§ Aim of the task
Beginning with the first line, return the material verbatim and without pictures.

§ Provided data
**********

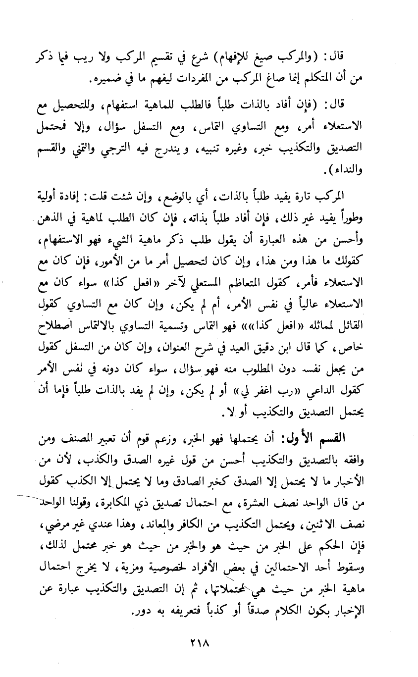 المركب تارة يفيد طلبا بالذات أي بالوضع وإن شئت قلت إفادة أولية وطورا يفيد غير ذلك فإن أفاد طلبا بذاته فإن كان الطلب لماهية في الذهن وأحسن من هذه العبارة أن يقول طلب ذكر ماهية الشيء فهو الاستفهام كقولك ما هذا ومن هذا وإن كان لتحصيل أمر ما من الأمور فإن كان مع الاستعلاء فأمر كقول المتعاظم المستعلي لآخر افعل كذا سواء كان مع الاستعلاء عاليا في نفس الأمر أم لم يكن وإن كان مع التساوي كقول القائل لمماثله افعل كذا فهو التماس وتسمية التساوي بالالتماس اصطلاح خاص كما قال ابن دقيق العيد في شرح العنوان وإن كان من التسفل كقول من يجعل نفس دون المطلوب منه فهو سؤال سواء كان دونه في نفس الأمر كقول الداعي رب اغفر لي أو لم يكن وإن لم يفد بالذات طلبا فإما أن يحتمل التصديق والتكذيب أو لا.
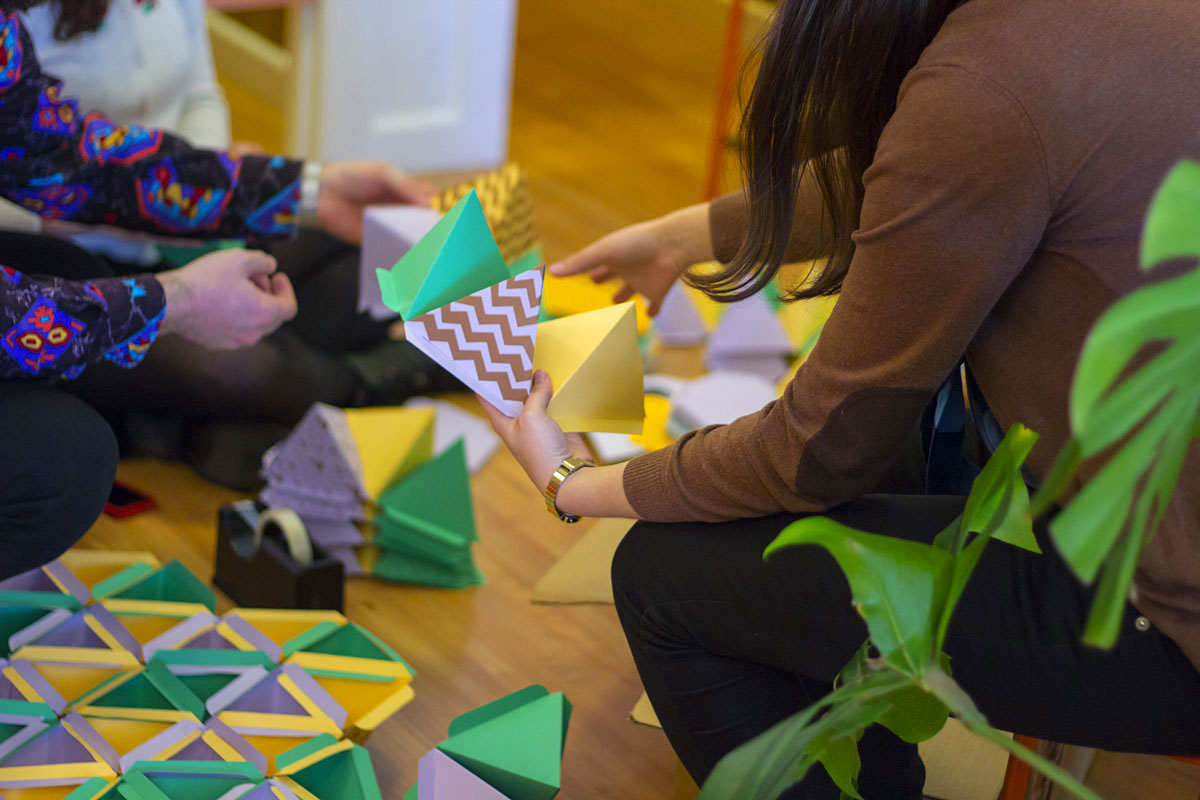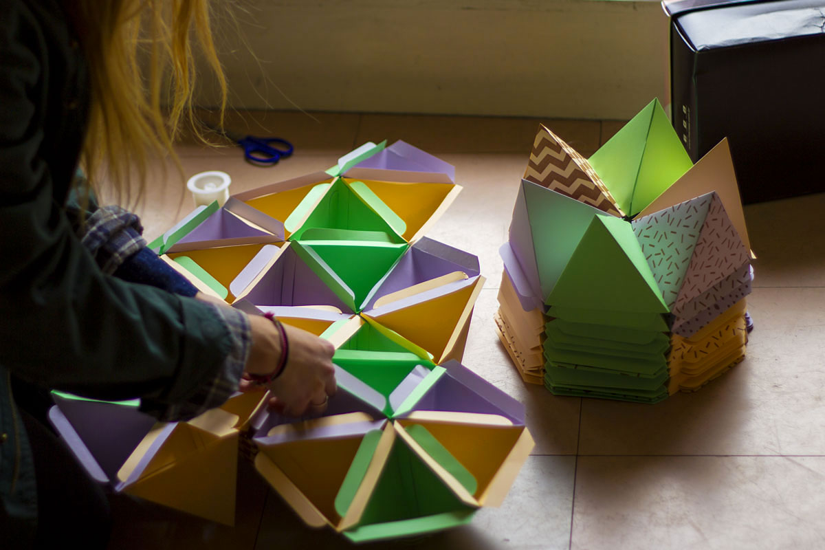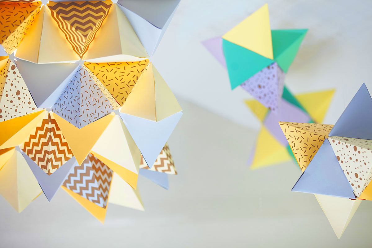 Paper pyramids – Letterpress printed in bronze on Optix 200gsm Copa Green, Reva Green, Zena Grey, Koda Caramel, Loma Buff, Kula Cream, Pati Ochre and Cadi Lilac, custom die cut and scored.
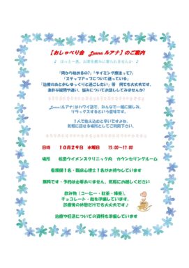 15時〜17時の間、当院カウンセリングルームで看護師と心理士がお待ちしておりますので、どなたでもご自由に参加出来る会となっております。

**********

§ Your solution
 المركب تارة يفيد طلبا بالذات أي بالوضع وإن شئت قلت إفادة أولية وطورا يفيد غير ذلك فإن أفاد طلبا بذاته فإن كان الطلب لماهية في الذهن وأحسن من هذه العبارة أن يقول طلب ذكر ماهية الشيء فهو الاستفهام كقولك ما هذا ومن هذا وإن كان لتحصيل أمر ما من الأمور فإن كان مع الاستعلاء فأمر كقول المتعاظم المستعلي لآخر افعل كذا سواء كان مع الاستعلاء عاليا في نفس الأمر أم لم يكن وإن كان مع التساوي كقول القائل لمماثله افعل كذا فهو التماس وتسمية التساوي بالالتماس اصطلاح خاص كما قال ابن دقيق العيد في شرح العنوان وإن كان من التسفل كقول من يجعل نفس دون المطلوب منه فهو سؤال سواء كان دونه في نفس الأمر كقول الداعي رب اغفر لي أو لم يكن وإن لم يفد بالذات طلبا فإما أن يحتمل التصديق والتكذيب أو لا.
 Paper pyramids – Letterpress printed in bronze on Optix 200gsm Copa Green, Reva Green, Zena Grey, Koda Caramel, Loma Buff, Kula Cream, Pati Ochre and Cadi Lilac, custom die cut and scored.
 15時〜17時の間、当院カウンセリングルームで看護師と心理士がお待ちしておりますので、どなたでもご自由に参加出来る会となっております。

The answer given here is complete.